Insurance instinctively feels old. It’s as though, the fast-moving parts of the digital age can’t seem to permeate its an archaic blueprint. Sure enough, it looks and feels that way too. One look at the spasm of choices to avail insurance online will leave you feeling dull and permanently bored. Consumers often don’t buy insurance, (even when they need it) because they are turned off by the complexity involved in understanding the product itself, and in the way, it is typically packaged & sold. 

In the Internet 2.0 era, users switch lightning quick between a dozen websites in tandem. The insurance industry, like most, is largely affected by the seeming lack of leverage they have in understanding what appeals to the consumer’s buying nature, instincts and experience.

The power of ‘choice’ lies in the hands of the insured, while the ability to ‘influence’ choice is a matter of design thinking.
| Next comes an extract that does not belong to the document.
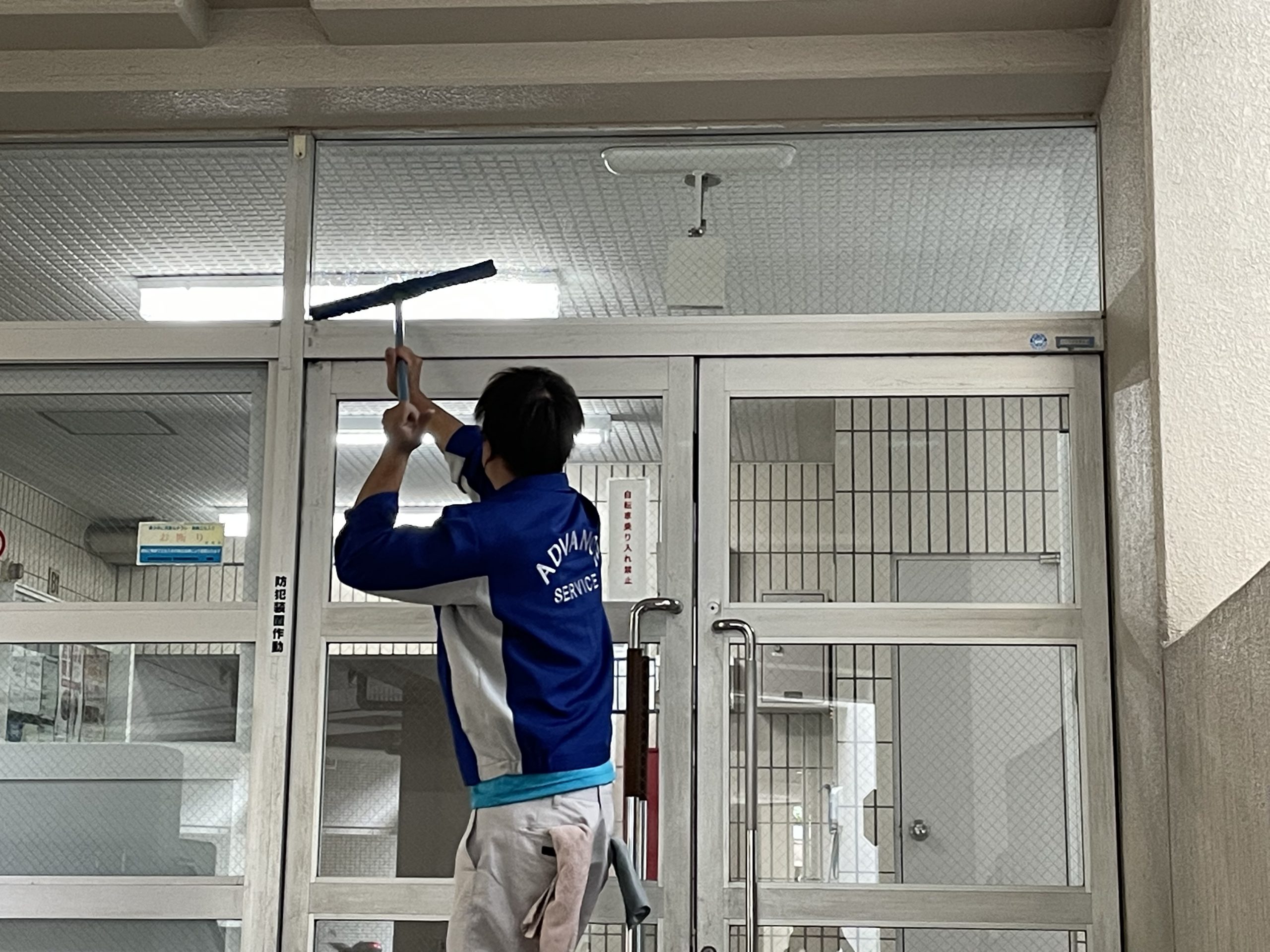 先日、マンションの定期清掃へ行きました!その際、ガラス扉、窓ガラスの清掃をしました!高いところは棒や脚立を駆使し、作業を行いました。清掃後のガラスはピカピカになり、お客様にも喜んでいただけるような仕上がりにできたと思います!

So if a user doesn’t get the price, product, service, communication and/or experience — they quickly move on

Insurers need next-gen customer engagement solutions that enable them to deliver the right interaction or experience at every customer touchpoint across the lifecycle, in order to maximize real customer lifetime value.

A detailed UX audit reveals many lacklustre areas in traditional insurance websites. In my experience (from having performed countless such audits) — insurance pages create limited awareness of the product, incomplete product understanding, confusion about features, low trust in delivery, frustration about lack of transparency, limited access to easy self-service tools and often a feeling of being overwhelmed leading to a tendency to put-off the purchase.

The inability to correct low engagement among Gen Y and Z users will hurt the long term stability for product innovation. According to a recent McKinsey analysis, the average number of interactions among banks and big tech cos with their customers (above the age of 20) is between 2100 to 2500 interactions per year. The same for health insurers average only around 270 to 300 interactions each year, perhaps indicating a strong disconnect between the need for insurance as a product/ service and its perception otherwise.

The transition from a ‘policy-centric’ to a ‘customer-first’ approach for up-selling, cross-selling and retention requires designing for three needs — ease of use, choice and (access to) support.

As customer expectations continue to evolve and lower tolerances are built for needlessly long and drawn-out customer journeys, the need for consistently delivering a superior experience stands out.

Let’s take a look at how insurers can improve some key areas of engagement:

  1. Omnichannel

    Nearly half
    of all life insurance customers prefer an omnichannel journey. This means that they expect the same superior experience today through search, social, website, app and in-person interactions with the company, and tomorrow. For creating the ideal ‘target customer journey’, basic pain-points are critical to addressing. For instance, a simple call before a routine health check-up to reassure the customer for any assistance post-appointment can go a long way in reassuring the brand’s commitment to even the finer details. These out-of-the-box experiences facilitate the creation of ‘Signature moments’ for the customer, driving loyalty.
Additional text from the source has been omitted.